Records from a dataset
^^^^^^^^^^^^^^^^

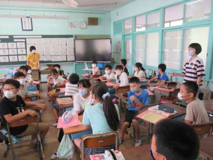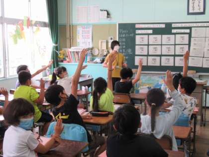 5年生の外国語です。「What is your birthday?」のフレーズを使って会話をしていました。答えるためには、月の呼び方を英語で言えないといけません。二人で順番にJanuary、 February・・・と掛け合いのように言っていき、完璧に言えたらみんなで拍手していました。耳、口、目、頭を使ってみんで楽しく覚えていました。
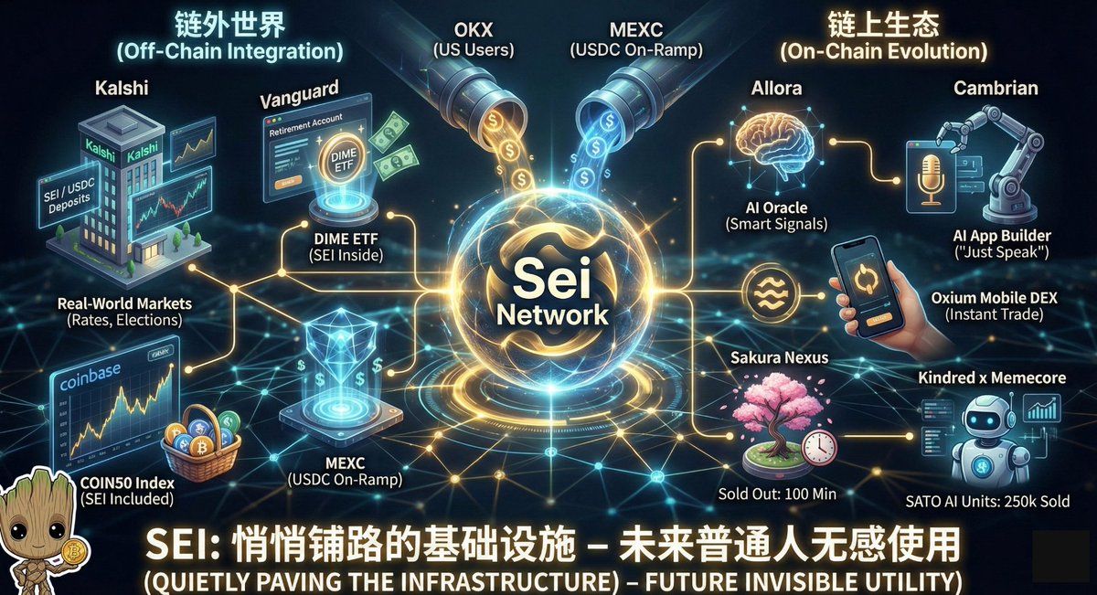 我躺在床上翻这周 @SeiNetwork的动态,本来想“随便看看”,结果越看越清醒:这链这一周,干的都是升级人生配置的大事。 先是圈外那一部分:Kalshi 直接把 SEI、USDC 充提开在 Sei 上,web2的事都搞进去了,比如利率、选举这些,开始真正在 Sei 上变成可以交易的市场;Vanguard 弄 DIME ETF,把 SEI 悄悄塞进普通人养老账户里;Coinbase 的 COIN50 指数也把 SEI拉进“头部资产篮子”。再加上 OKX 给美国用户单独搞活动、MEXC 开 Sei 上 USDC 直存直提,等于把钱从场外拉进来的路,一条一条铺好了。 链上呢,就是把“怎么用”这个问题往死里优化。Allora 给 Sei 接上动态 AI 预言机,帮你用智能信号做决策;Cambrian 直接上“AI App Builder”,一句人话就能在 Sei 上生成应用;Oxium 把原生 DEX 搬进手机,想交易直接掏手机点两下。再往生态里看,Sakura Nexus 创世 NFT 100 分钟卖光,Kindred 搭配 Memecore 卖出 25 万个 SATO AI 牛逼 我刷完的感觉特别简单: 之前我看 @SeiNetwork,是“这条链上有没有赚钱的机会”;现在更像是——这条链已经在悄悄往“基础设施”那条路走了,让我想到了一句话,「流水不争先,争的是滔滔不绝」 等哪天普通人买 ETF、用应用、玩游戏,根本不知道背后是 $Sei ,那大概才是这周这些新闻,真正的意义。现在看到的,只是刚刚开始!
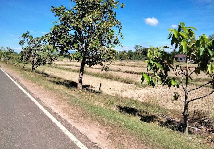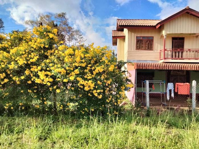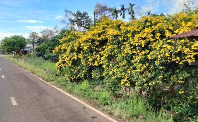 - Brilliant roadside display of yellow Ratchaphruek flowers on Route 16E, east of Pakse..
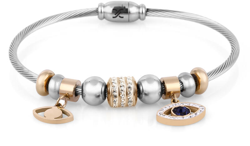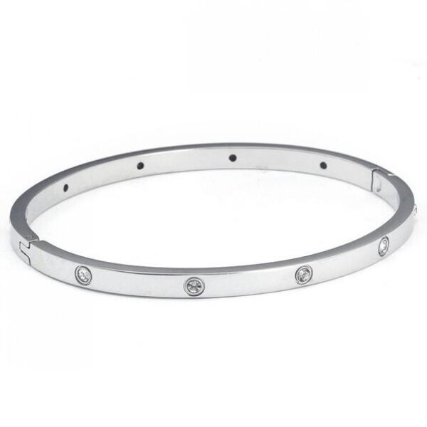 Aisha Karkötő Szépséges Aisha merev karkötő kedvező áron. A karkötőt cirkónia ékkövek díszítik. A karkötő 4 különböző szélességgel kapható, így kombinálhatja őket, többet is viselhet egyszerre. Az ékszer nem tartalmaz nikkelt, ezért érzékeny bőrű emberek is viselhetik. Tulajdonságok: A karkötő átmérője: 17cm Szélessége: 4mm Anyaga: Fém és cink ötvözete
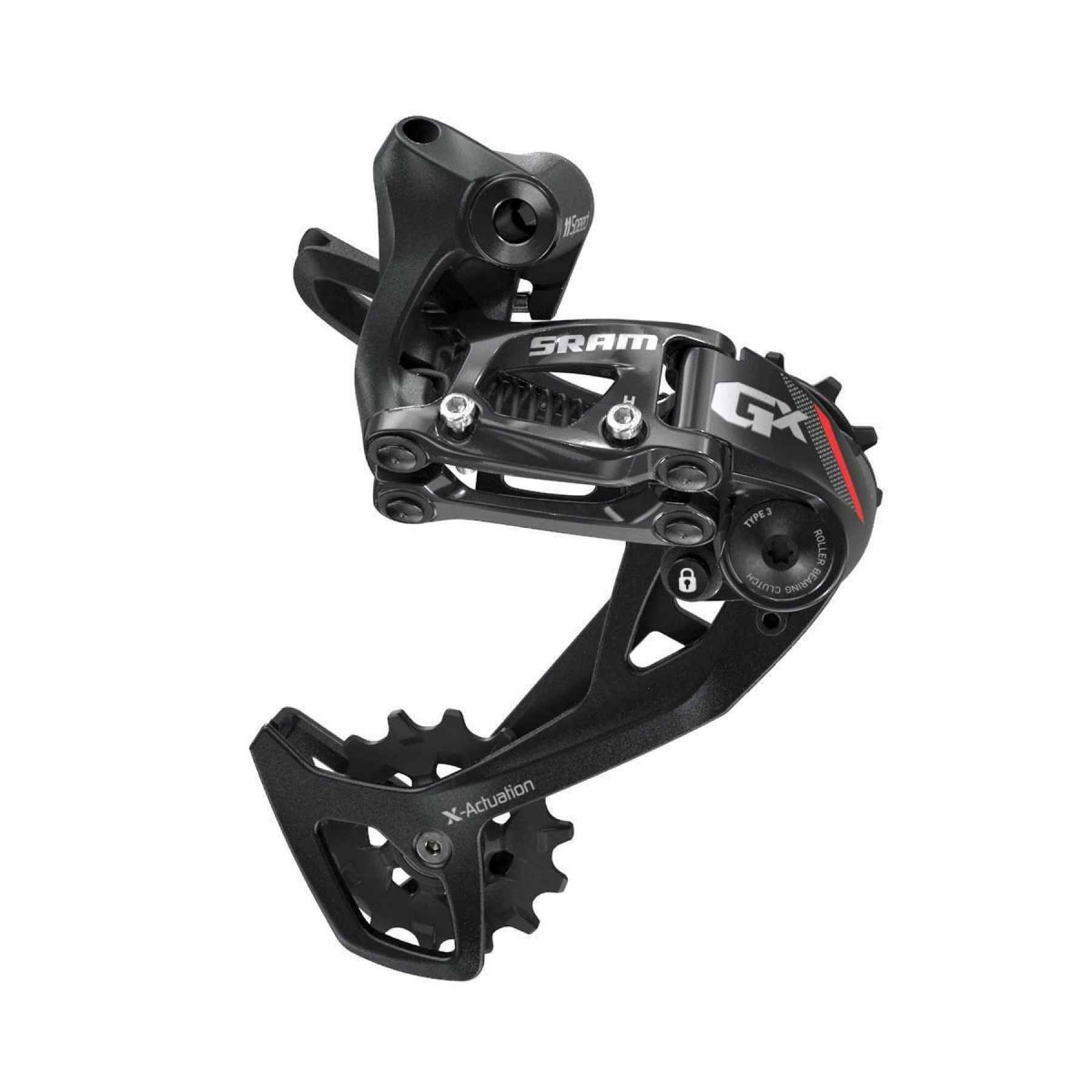 Avec la technologie CAGE LOCK™ au niveau du dérailleur arrière, le retrait et l’installation des roues, ainsi que l’installation de la chaîne, sont plus simples et plus rapides. Il suffit de pousser la cage vers l’avant pour créer du mou puis de la bloquer en place. Spécialement conçu pour SRAM 1X, X-ACTUATION assure un changement de vitesses précis et régulier sur toute la cassette 10 à 42 dents.Les dérailleurs arrière ROLLER BEARING CLUTCH™ offrent une stabilité maximale de la transmission, même sur les terrains les plus exigeants. La technologie ROLLER BEARING CLUTCH™ supprime le rebond du dérailleur et empêche que la chaîne ne tape trop souvent, sans pour autant sacrifier la précision.
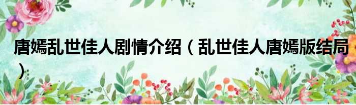 唐嫣亂世佳人劇情介紹(亂世佳人唐嫣版結局)
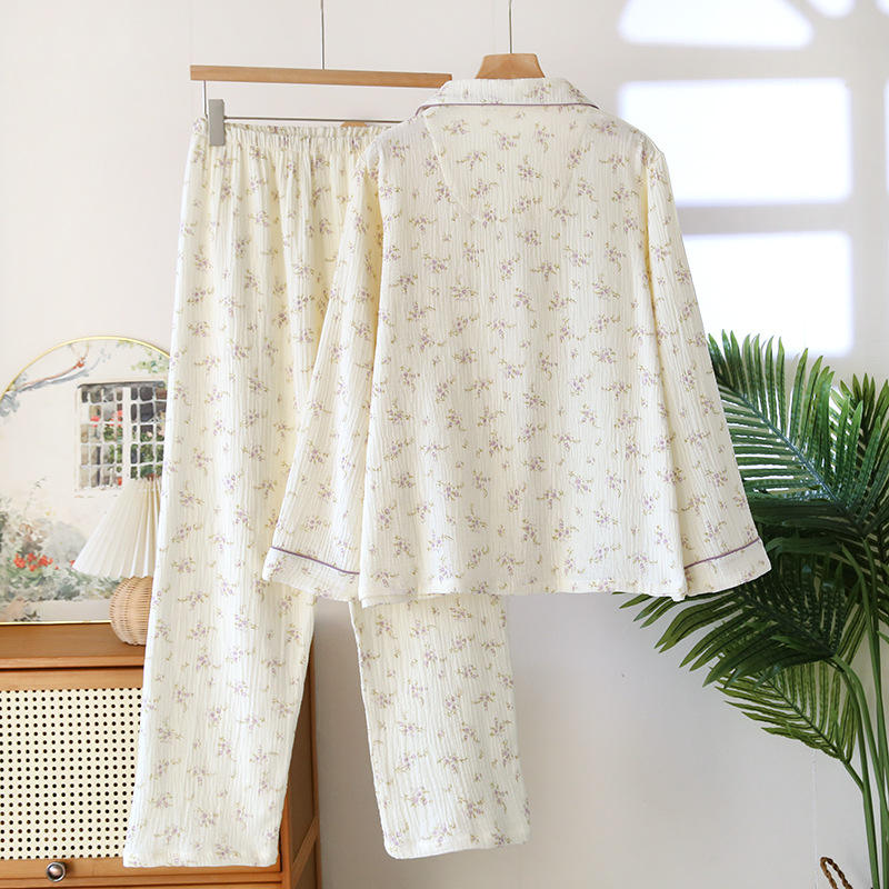 Womens Cotton Gauze Pajama Set Long Sleeve Button up Shirt and Pants 2 Piece Cute Printed Pj RUS Hot Sale Designer Custom OEM

^^^^^^^^^^^^^^^^

**Exercise requirements**
In the answer, give only the lines from the top of the data above through the line with "ETF、用应用、玩游戏,根本不知道背后是 $Sei ,那大概才是这周这些新闻,真正的意义。现在看到的,只是刚刚开始!", reproduced exactly; no picture may appear.

**Answer box**
 5年生の外国語です。「What is your birthday?」のフレーズを使って会話をしていました。答えるためには、月の呼び方を英語で言えないといけません。二人で順番にJanuary、 February・・・と掛け合いのように言っていき、完璧に言えたらみんなで拍手していました。耳、口、目、頭を使ってみんで楽しく覚えていました。
 我躺在床上翻这周 @SeiNetwork的动态,本来想“随便看看”,结果越看越清醒:这链这一周,干的都是升级人生配置的大事。 先是圈外那一部分:Kalshi 直接把 SEI、USDC 充提开在 Sei 上,web2的事都搞进去了,比如利率、选举这些,开始真正在 Sei 上变成可以交易的市场;Vanguard 弄 DIME ETF,把 SEI 悄悄塞进普通人养老账户里;Coinbase 的 COIN50 指数也把 SEI拉进“头部资产篮子”。再加上 OKX 给美国用户单独搞活动、MEXC 开 Sei 上 USDC 直存直提,等于把钱从场外拉进来的路,一条一条铺好了。 链上呢,就是把“怎么用”这个问题往死里优化。Allora 给 Sei 接上动态 AI 预言机,帮你用智能信号做决策;Cambrian 直接上“AI App Builder”,一句人话就能在 Sei 上生成应用;Oxium 把原生 DEX 搬进手机,想交易直接掏手机点两下。再往生态里看,Sakura Nexus 创世 NFT 100 分钟卖光,Kindred 搭配 Memecore 卖出 25 万个 SATO AI 牛逼 我刷完的感觉特别简单: 之前我看 @SeiNetwork,是“这条链上有没有赚钱的机会”;现在更像是——这条链已经在悄悄往“基础设施”那条路走了,让我想到了一句话,「流水不争先,争的是滔滔不绝」 等哪天普通人买 ETF、用应用、玩游戏,根本不知道背后是 $Sei ,那大概才是这周这些新闻,真正的意义。现在看到的,只是刚刚开始!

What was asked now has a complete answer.